Gilbert was born in New York City, baptized in the Dutch Church in 1746, and married Catherine Cosine (or Cozyn) in 1767. He advertised a theft in the New York Gazette or Weekly Post-Boy, August 27, 1770, as follows: "Tuesday Night last some Villains broke into the shop of Mr. Gilbert, Silver-Smith in the Broad Way, and robbed the same of near two Hundred Pounds in Plate, &c. Diligent Search has been made after the Thieves, but we Have not heard of any discovery being made." He also advertised in the New York Gazette, 1770–1772, as a gold- and silversmith. From 1786 to 1804 he was listed in city directories as silversmith.

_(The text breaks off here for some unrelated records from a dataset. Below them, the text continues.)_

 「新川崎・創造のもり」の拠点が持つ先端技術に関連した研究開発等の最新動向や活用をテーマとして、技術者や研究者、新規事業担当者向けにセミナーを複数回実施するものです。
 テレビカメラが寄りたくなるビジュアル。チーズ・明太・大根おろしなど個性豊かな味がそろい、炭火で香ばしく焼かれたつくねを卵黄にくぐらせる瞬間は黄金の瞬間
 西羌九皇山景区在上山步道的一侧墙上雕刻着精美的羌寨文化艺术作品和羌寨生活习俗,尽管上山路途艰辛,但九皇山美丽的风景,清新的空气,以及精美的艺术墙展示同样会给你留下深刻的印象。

During the American Revolution, Gilbert was an active patriot. In early 1775 he was named one of the 60 members of the city's "Committee of Sixty" and on May 1, 1775, was elected to its "Committee of One Hundred." When the British invaded the city in August 1776, Gilbert and his family left, probably to eastern Connecticut or northern Westchester County, since a William Gilbert enrolled in Colonel John Lasher's regiment of New York militia. On November 26, 1783, the day after the British evacuated, General George Washington was presented with a document entitled "The Address of the Citizens of New York, who have returned from exile, in behalf of themselves and their suffering Brethren," signed by Gilbert as William Gilbert Jr., his father, and others.

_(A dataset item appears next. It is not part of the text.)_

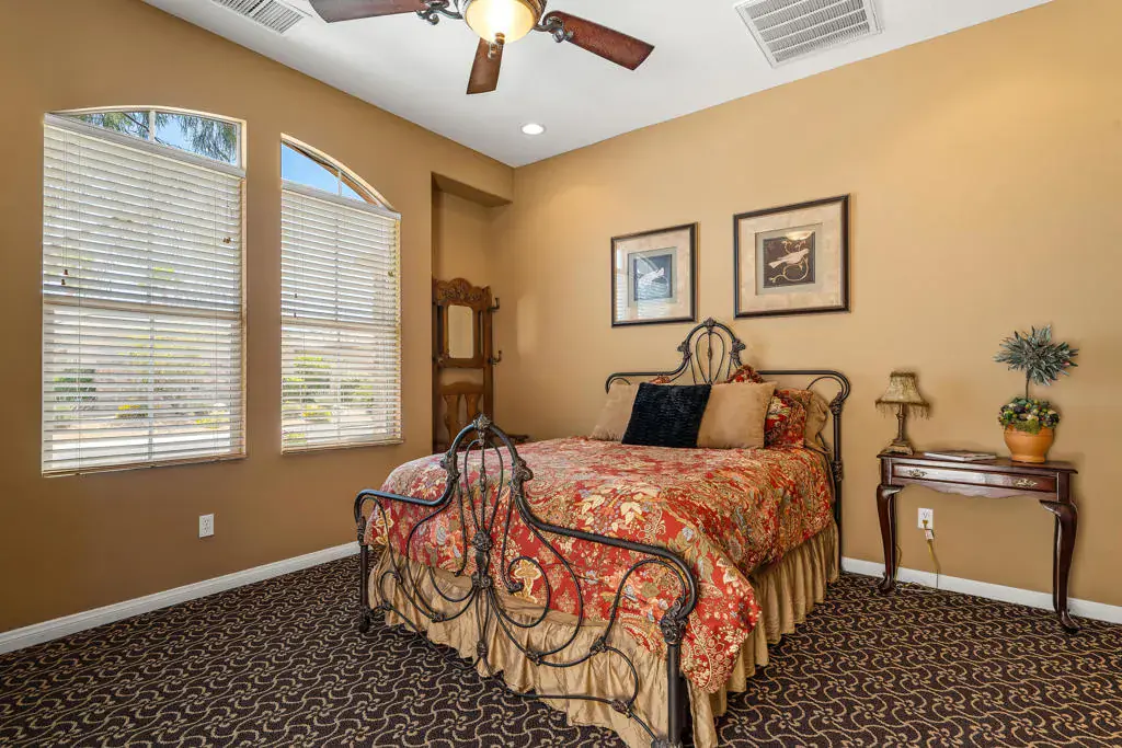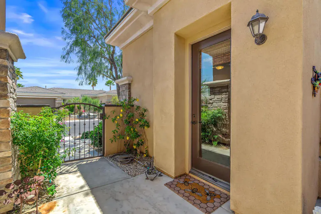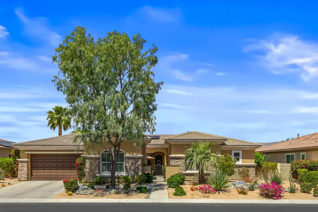GRAND TIMELESS ELEGANCE! Located in the gated community of Brenna at Capri in highly sought after Palm Desert. This fabulous 4 bedroom/4 bathroom home is ideally located close to Ronald Regan Elementary School and vibrant Freedom Park, home to public Pickle Ball Courts and Sports Fields. Enter from a richly landscaped front yard into a delightful courtyard with sitting area and custom stone fireplace. The generously sized detached Casita is the perfect spot to host guests or use as a private office. Enter the main house through an opulent Foyer and be greeted by an open Living Room featuring a wet bar, spotlights for artwork and French Doors that open to the alluring Pool/Spa area. The formal Dining Room is brilliantly appointed with French Doors the open to the Courtyard offering loads of natural light! The Family Room is warmed by a cozy fireplace and is open to the Kitchen and Breakfast Nook. The Gourmet Chef’s Kitchen is an entertainer’s DREAM! Boasting solid wood cabinetry, granite slab counter tops, dual ovens, 5 burner gas cook top, pot filler faucet, backsplash with artful copper inlay, pantry, large island with Breakfast Bar and eat-in Breakfast Nook! The masterful Primary Suite is a tranquil retreat with large sitting area, 2 walk in closets, dual vanities, stone shower with laser cut tile trim and soaking tub overlooking the citrus garden! Nicely separated are 2 Guest Bedrooms adjoined a Jack ‘n Jill bathroom. The Backyard is adorned by stone walkways tucked into lush desertscape and citrus trees, completed by a pebble tec pool, raised spa with cascading waterfall! Fine finishes and quality upgrades are found here including double crown molding, wainscotting, surround sound speakers, solar system, custom closet design, security system and newer pool heater and pool pump! Not to be forgotten is the 3 car garage with custom cabinetry and work bench with direct home access! Lovingly and Meticulously maintained by the original owners, this is a TRUE find! ELEGANT COMFORT with the BEST in indoor/outdoor living!

Over time, Gilbert became a prominent and influential citizen. He was appointed from 1782 to 1788 as a city Alderman, and named a member of the Gold and Silversmiths' Society in 1786. He was Commissioner of Excise for several years, in 1786 oversaw renewal of tavern licenses. In other city offices, in 1794 he became an Associate Justice, in 1801 he was Assistant Alderman for the Seventh Ward and then in 1804 Alderman for the Eighth Ward. In 1803 he held the office of Prison Inspector. From 1788 to 1793 he served as one of the city's representatives in the State Assembly, and from 1809 to 1812 as a state senator.

Gilbert's work is collected in the Metropolitan Museum of Art, Museum of the City of New York, and Clark Art Institute.